TV of 2025
- knives
- Joined: Sat Sep 06, 2008 10:49 pm
TV of 2025
While Caped Crusader has some modern animation problems particularly with facial expressions it also has some of Timm’s best writing and production. The Firebug episode, which I just finished, really feels like an alternate reality TAS where they could let loose and show the psychological depths and cruelty such a setting must have. Also, weirdly, the Selina Kyle here has more in common with Burton’s vision of the character then the one mandated with similarities. She’s a vision of Bruce without a sense of responsibility. It’s great.

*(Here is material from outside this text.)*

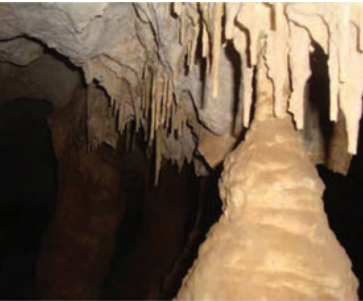
شکل ۸-۵- غار، روستای ده شیخ در بخش پاتاوه

۳- آبشارها: آبشارهای معروف استان عبارت‌اند از: آبشار یاسوج، آب نهر کاکان، آبشار شهنیز، آبشار تنگ تامرادی و آبشار بهرام بیگی در شهرستان بویراحمد، آبشار کمر دوغ و آبشار خیمه و کوه دیوک در کهگیلویه و آبشار مفید، آبشار منج و آبشار کوه گل، آبشار آب سیا (چاگل) در شهرستان دنا، آبشار طسوج در چرام، آبشار شادگان در شهرستان باشت، آبشار رودبال، آبشار هرجون و آبشار کیوان لیشر در شهرستان گچساران.

The acting is also incredible. Bender’s voice literally makes my skin crawl after years of laughing from it.
The acting is also incredible. Bender’s voice literally makes my skin crawl after years of laughing from it.
- jazzo
- Joined: Sun Nov 17, 2013 4:02 am
Re: TV of 2024
Yeah, it’s pretty good stuff. I think having Ed Brubaker sit as showrunner was a very smart move.
- brundlefly
- Joined: Fri Jun 13, 2014 4:55 pm
TV of 2025
Trailer for Dying for Sex, from Elizabeth Meriwether (New Girl). With Michelle Williams, Sissy Spacek, Jenny Slate, Rob Delaney.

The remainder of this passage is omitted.